Ari Libsker (Hebrew: ארי ליבסקר), born in Haifa, is a young Israeli filmmaker and journalist. He has made several documentaries.

One of his first ones, Circumcision (Israel 2004, 30 min, channel 2) dealt with the affection of circumcision on the sex life of Jewish people, connecting it to castration. Channel 2 tried to censor the movie and in the end broad-casted it at a late hour. The movie got a lot of responses and critics. A year later Libsker made The Home Poem (Israel 2006, 60 min.) a movie that followed three people, one of them his grandmother and their relation to home. (The name "Home Poem" is in respect to the same titled book by poet Aharon Shabtai).

Daily Libsker is a film tutor and a business journalist for Firma magazine (Globes), the Israeli financial paper.

In the late 1990s he founded, with others the "Free Academy" group. Since 2004 he co-edits Maayan Magazine, a magazine of poetry and ideas, and the film magazine Maarvon. One of their exhibitions was named "I Slept with Ari Libsker" and was held on a roof in Tel Aviv, another one was named "Sharon" on the connection between the wealthy Sharon plain area in Israel and the late PM Ariel Sharon.

In May 2006 Libsker presented a video work called "Magic 2" at the exhibition Doron that refers to Doron Sabag, exhibited in the Minshar gallery of Tel Aviv. It dealt with art and workers rights.

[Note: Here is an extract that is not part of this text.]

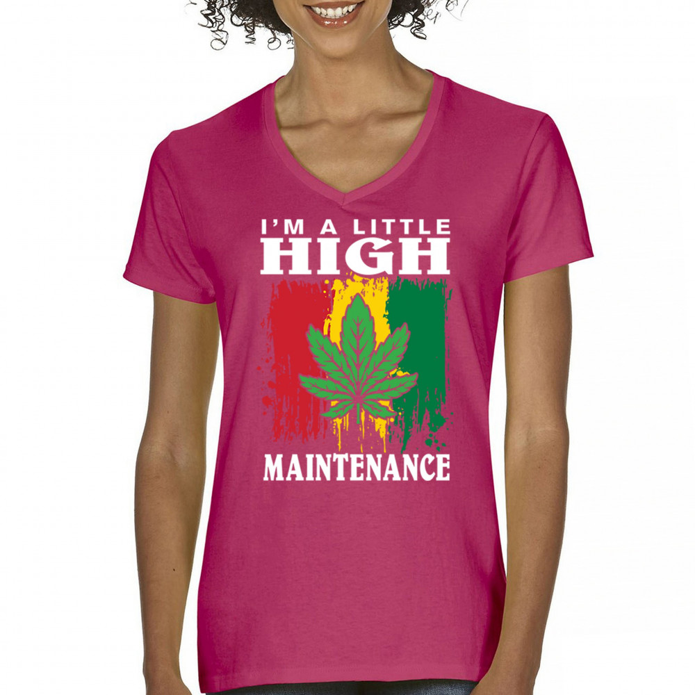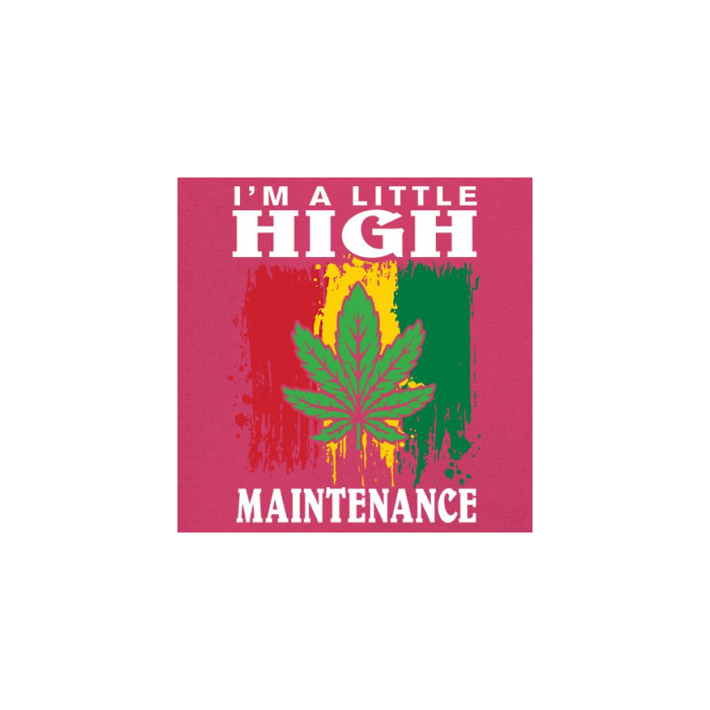 "I'm a Little High Maintenance" design with a bold cannabis leaf and vibrant background. Perfect for fans of Mary Jane, humor, and relaxed, trippy style.

In 2007 Libsker worked on a feature documentary film called Stalags. During the early 1960s in Israel and the Adolf Eichmann trial "Stalags" were pornographic booklet describing masochistic brutal sex relationship between Nazi women wardens and concentration camp prisoners. The film analyzes the reasons behind the phenomenon.

On September 6, 2007 Libsker was interviewed by The New York Times on pre-release of his film. He said in part, “I realized that the first Holocaust pictures I saw, as one who grew up here, were of naked women. We were in elementary school. I remember how embarrassed we were.”.[1].